Negative-ionization mode electrospray ionization-mass spectrometry (ESI-MS) analysis of antimony(III)-tartrate in frequently used solvent systems, ACN/H(2)O and MeOH/H(2)O, revealed that the antimony(III)-tartrate dianion associates to solvent reaction products generated by radical formation and their subsequent recombination during the negative-mode electrospray process. A systematic increase and decrease in negative spray capillary voltage (SCV) from normal operational voltage ranges of a conventional quadrupole ion trap instrument during these analyses showed initially unobserved adduct ions to correspondingly increase and diminish in relative ion intensity. The identity of the adducted species, including products such as H(2)O(2), NCCH(2)CH(2)CN, and CH(2)(OH)(2), were confirmed by performing similar experiments with deuterated and nondeuterated solvent mixtures. Relative intensity dependence of these adducted ions was monitored as the volume composition of each solvent system was changed. It was clearly observed that the relative intensity of {[Sb(2)-tar(2)][H-O-O-H]}(2-) and {[Sb(2)-tar(2)][NC-CH(2)-CH(2)-CN]}(2-) adduct ions increased with the volume percent of H(2)O and CH(3)CN, respectively. Similarly, an increase in volume percent of CH(3)OH increased the relative intensity of {[Sb(2)-tar(2)][H-O-CH(2)-O-H]}(2-) adducted ions. On the basis of this evidence, it was proposed that homolytic cleavage of C-H bonds for CH(3)CN and CH(3)OH molecules, and O-H bonds for H(2)O molecules, produces a series of radicals during negative-ionization mode ESI, and subsequent self-recombination or cross-recombination of these radicals then occurs to form the neutral solvent products, which are observed in the mass spectra as [Sb(2)-tar(2)]-adducted ionic species. These findings provide new insight into processes, which are relevant to understanding the mechanism of electrospray ionization, a widely used technique.

Antimony(III)-D, L-tartrates exhibit proton-assisted enantioselective binding in solution and in the gas phase.
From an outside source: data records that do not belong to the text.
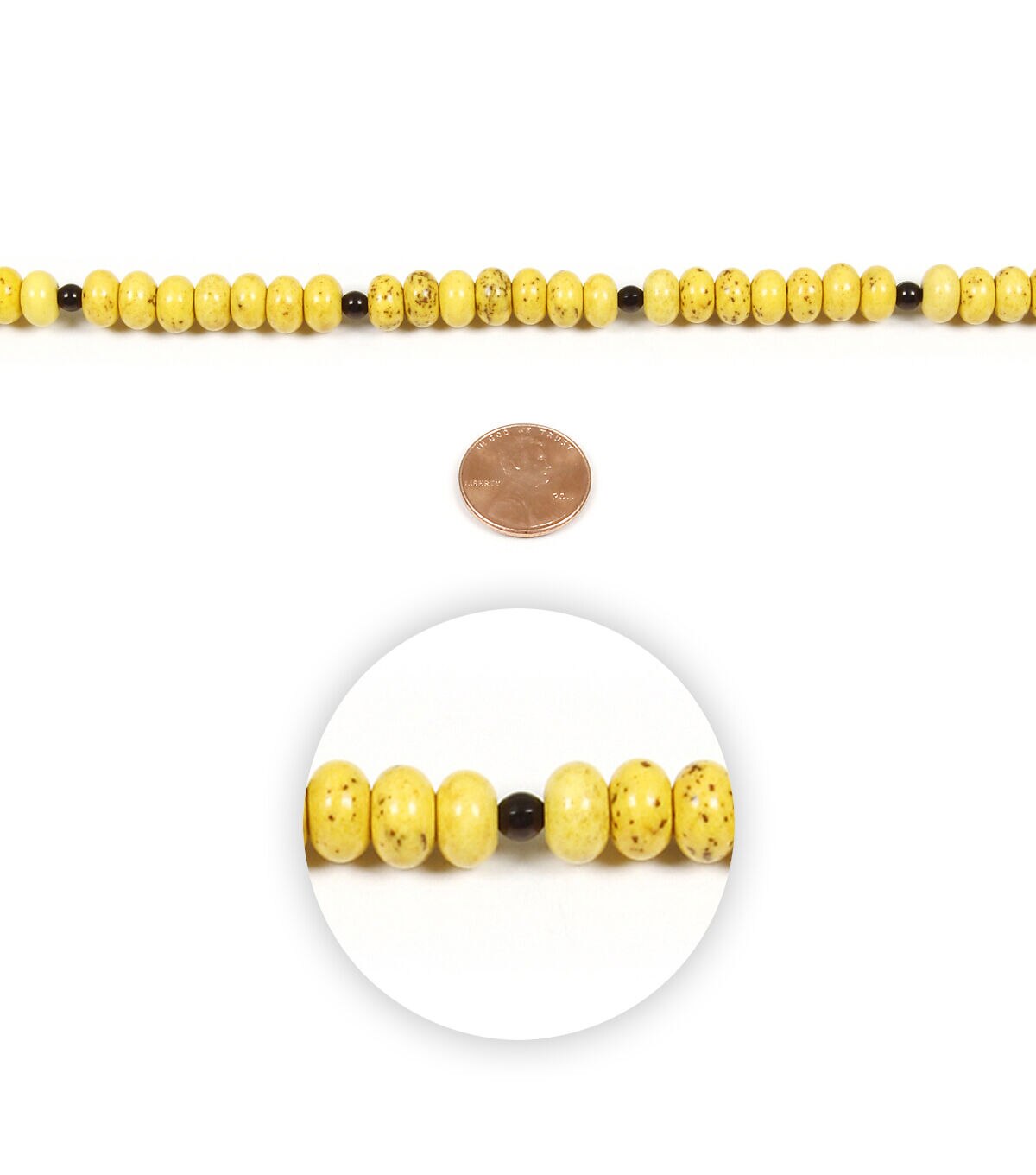 Accentuate your handmade jewelry pieces with the hildie & jo Natural Stone Bead Strand - Sunny Yellow. This pack includes lovely, uniformly shaped 8-mm stone beads in rich yellow with a tinge of brown. Small round black spacer beads measuring 4 mm are also included in this pack. Combine them with beads, chains and other jewelry elements to make your own uniquely creative designs.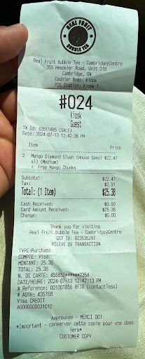 I shared experience with my other friends, they said they had the same experience of quantity of ingredients not being enough, mango diamond slush being watery.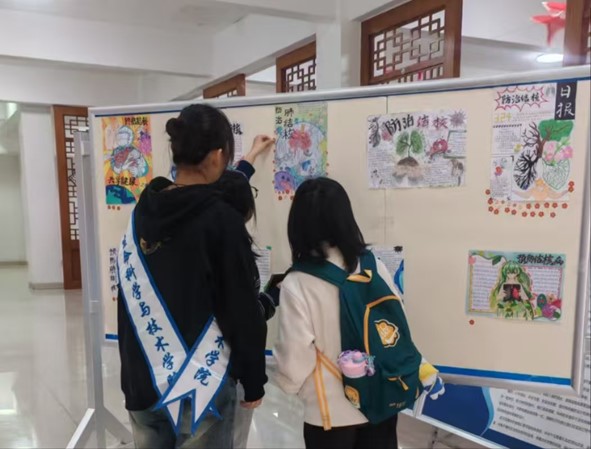活动现场,书院的宣传栏区域被一幅幅精心制作的宣传画板装点得格外醒目。这些画板内容丰富、详实,通过图文结合的方式,生动形象地展示了传染病的相关知识。在志愿者的耐心细致讲解下,师生们深入了解了传染病的危害、传播途径以及预防措施,对这一传染病的认知有了更加全面和深刻的理解。在手抄报展示区,一幅幅凝聚着学生们的智慧和心血的手抄报作品从不同角度诠释了传染病防治的主题,有的重点强调了预防的要点,有的则科普了治疗政策。活动还特别设置了投票环节,参与者可将手中一票投给自己喜爱的作品,在投票过程中,也进一步加深了对肺结核防治知识的记忆。在留言区,老师和同学们纷纷写下自己的留言。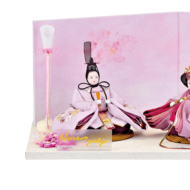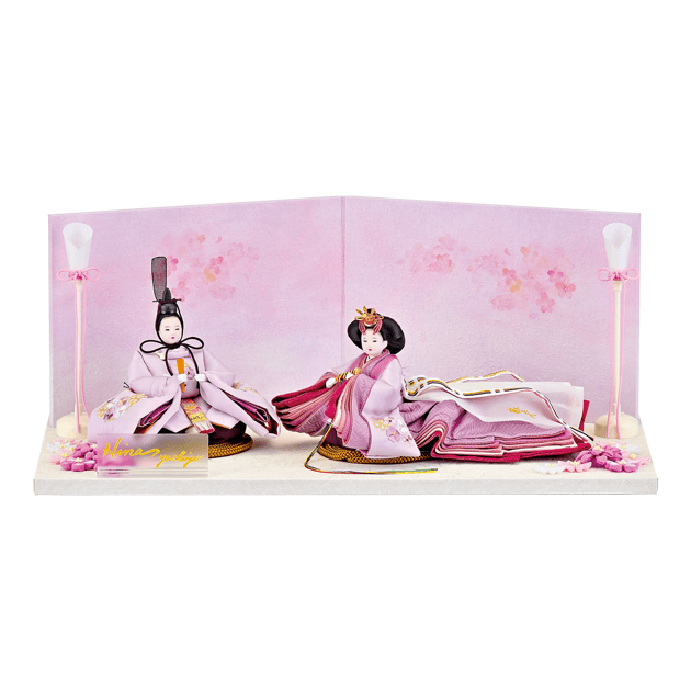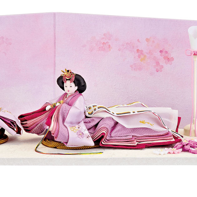 雪の結晶を施した雪輪に桜の刺繍が施された可愛らしいお雛様。飾り台には縮緬つまみ細工がちりばめられています。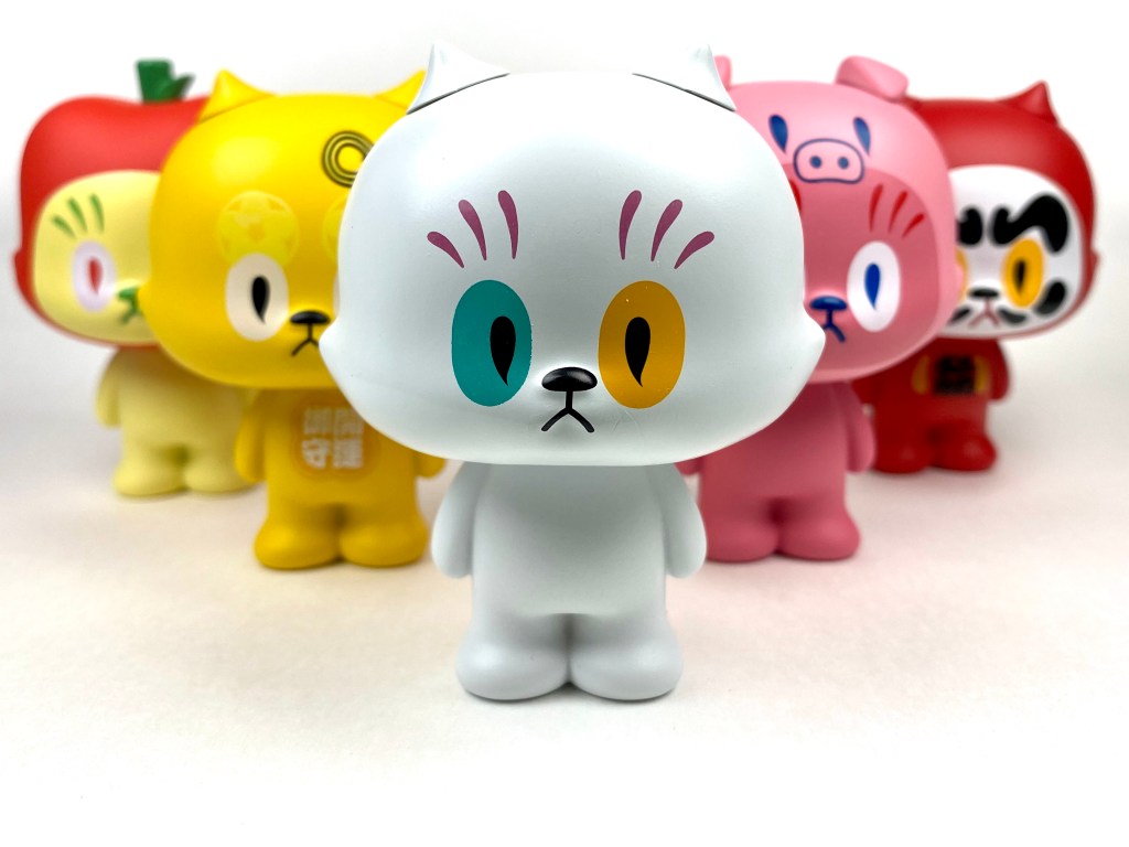 The five figures in the collection are OG White Yuurei Neko Sama, Daruma Neko Sama, Piggy Neko Sama, Ringo (apple in Japanese) Neko Sama, and Fortune Neko Sama.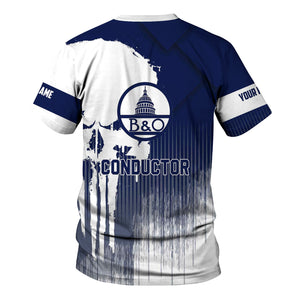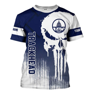 Railspirit Personalized Baltimore and Ohio Railroad T-Shirt Skull Design with Custom Job B&O Train Shirt for Trackhead Crew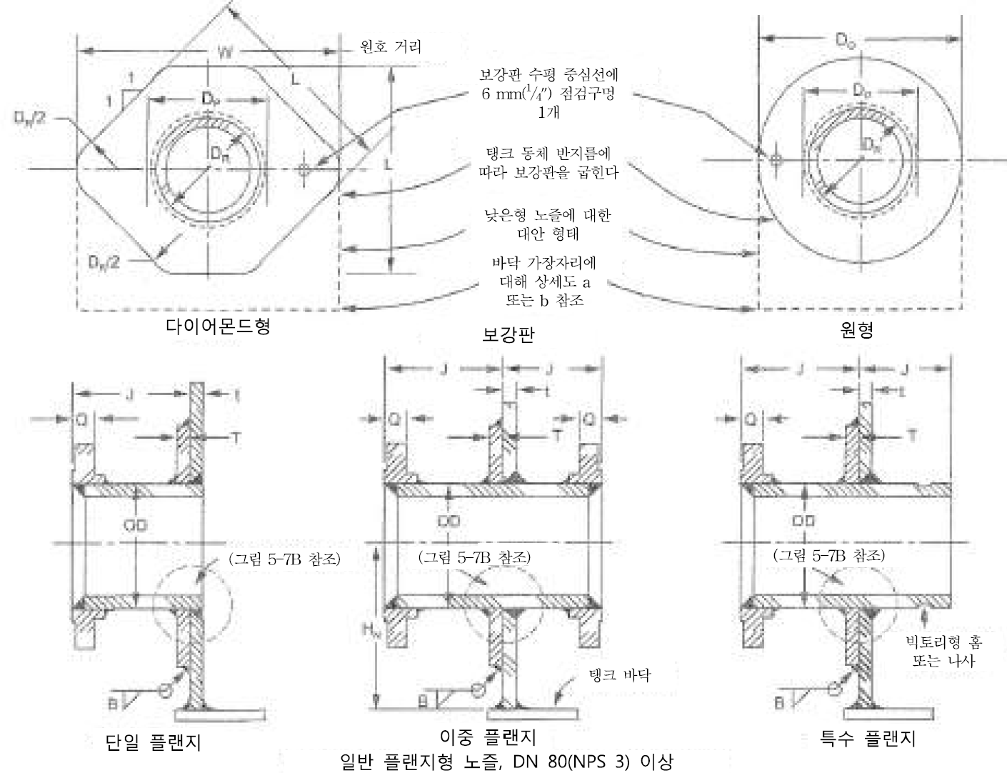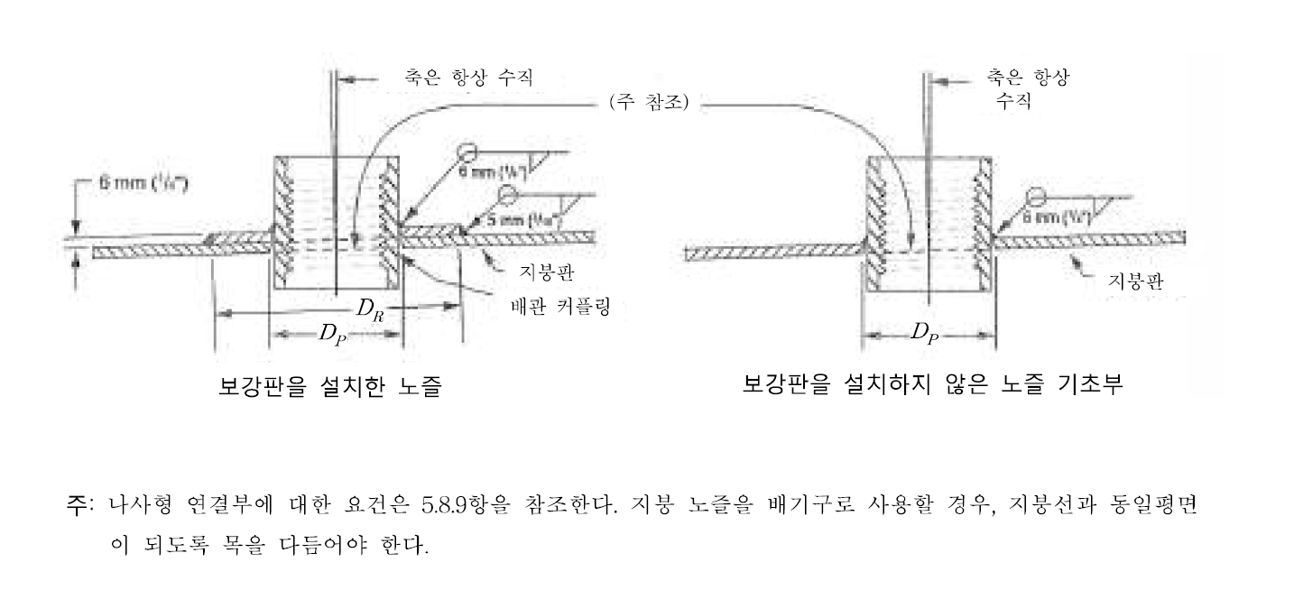 노즐의 용접 시 각 삽입구 보강은 하기에 따라 설치하여야 한다.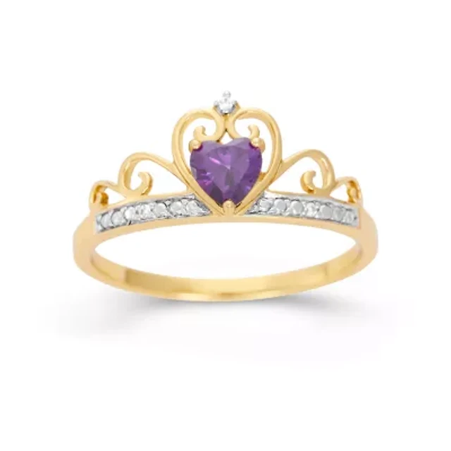 Heart-Shaped Simulated Amethyst & Cubic Zirconia 18K Gold Over Silver Ring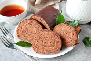 Рулет из шоколадных блинов с кремом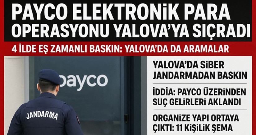 Payco Elektronik Para ve Ödeme Hizmetleri A.Ş.’ye yönelik operasyon, Yalova’nın da aralarında bulunduğu dört ilde eş zamanlı olarak gerçekleştirildi. Yalova’da belirlenen adreslerde jandarma ekiplerince aramalar yapılırken, şirketle bağlantılı olduğu değerlendirilen dijital materyal ve belgelere el konuldu.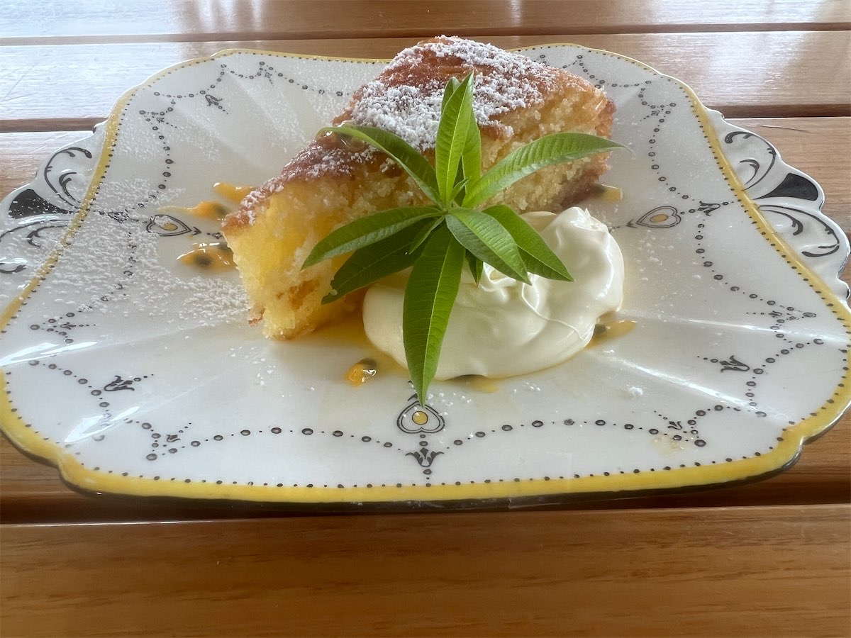 The cosy dining area is smallish but beautiful – cool in summer and with a wood fire to warm in winter (bookings recommended). Super-sized, double-glazed windows let diners soak in the panoramic views. The décor is comforting with bookcases loaded with fascinating books on wine and cooking, soft leather couches and puffy, colourful pillows. A new, large outdoor deck was about to open on our visit.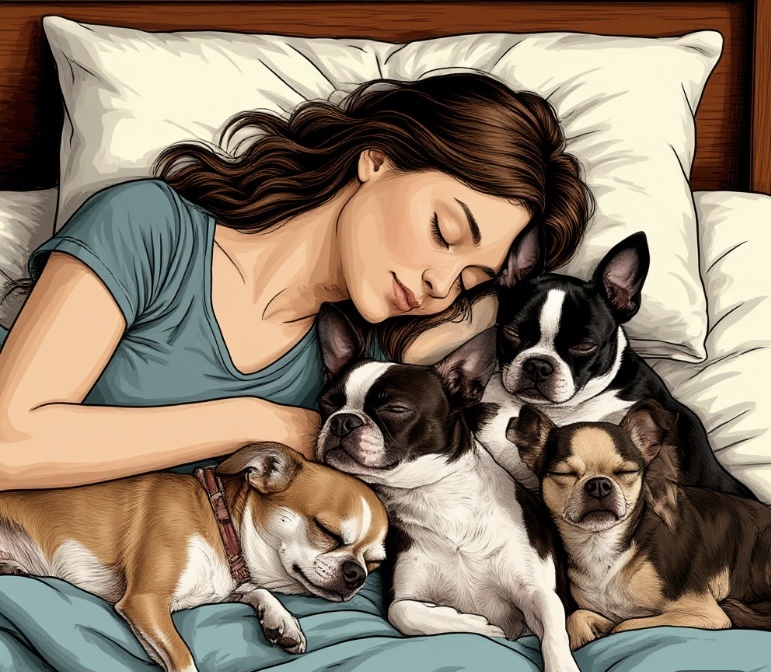 Вы когда-нибудь спали с собакой? Нет-нет, не просто впустили в кровать. А именно спали, когда вокруг тебя — не один, не два, а целая стая хвостатых товарищей, у каждого — свой ритм дыхания, своё представление о пространстве, и, конечно… свой уникальный стиль храпа. Добро пожаловать в мою реальность. Итак, знакомьтесь: Ночной Оркестр “ЧихоБостонская симфония”. Дирижёр — я. По принуждению. Солисты — мои любимые: Томми, Ева и два бостона Жанни и Фифа. 🎺 Первая скрипка — Томми. Он маленький, но очень амбициозный. Когда он спит — он захватывает максимум пространства. То лапку вытянет на подушку, то носом под бочок упрётся, то хвостом прямо в лицо. Но самое главное — храп. Удивительно, как из такого малыша может доноситься такой богатый звук. Где-то между старым мотоциклом и лёгким сопением младенца. Но только когда ты вот-вот засыпаешь — БАЦ! — резкий “бзззррр”. Иногда я пугаюсь. Иногда смеюсь. Иногда просто сдаюсь и ложусь на край. 🎷 Вторая скрипка — Ева. Ах, Ева. Она — леди. Она спит

The negative ion mode ESI mass spectral analysis of antimony(III)-D- and -L-tartrate ("tartar emetic"), in association with leucine enantiomeric isotopomers, revealed remarkable proton-assisted enantioselective molecular recognition phenomena. The current study infers that recognition of amino acids by antimony(III)-D,L-tartrate complexes requires that the chiral selector associate a proton to become enantioselective. The dianionic selector itself failed to show enantiomeric discrimination capacity. This observation was shown to be consistent both in solution-phase targeting full scan and gas-phase targeting collision threshold dissociation (CTD) experiments. Importantly, this disparity in enantioselective binding capacity between the dianionic and the protonated monoanionic representatives of antimony(III)-D- and -L-tartrates could only be clearly revealed by ESI-MS and tandem mass spectrometry experiments as described herein. This finding urges a more in-depth study of mechanisms associated with exhibited enantiomeric resolving capacity of antimony tartrates in HPLC and CE applications, as well as in former ESI-MS association studies.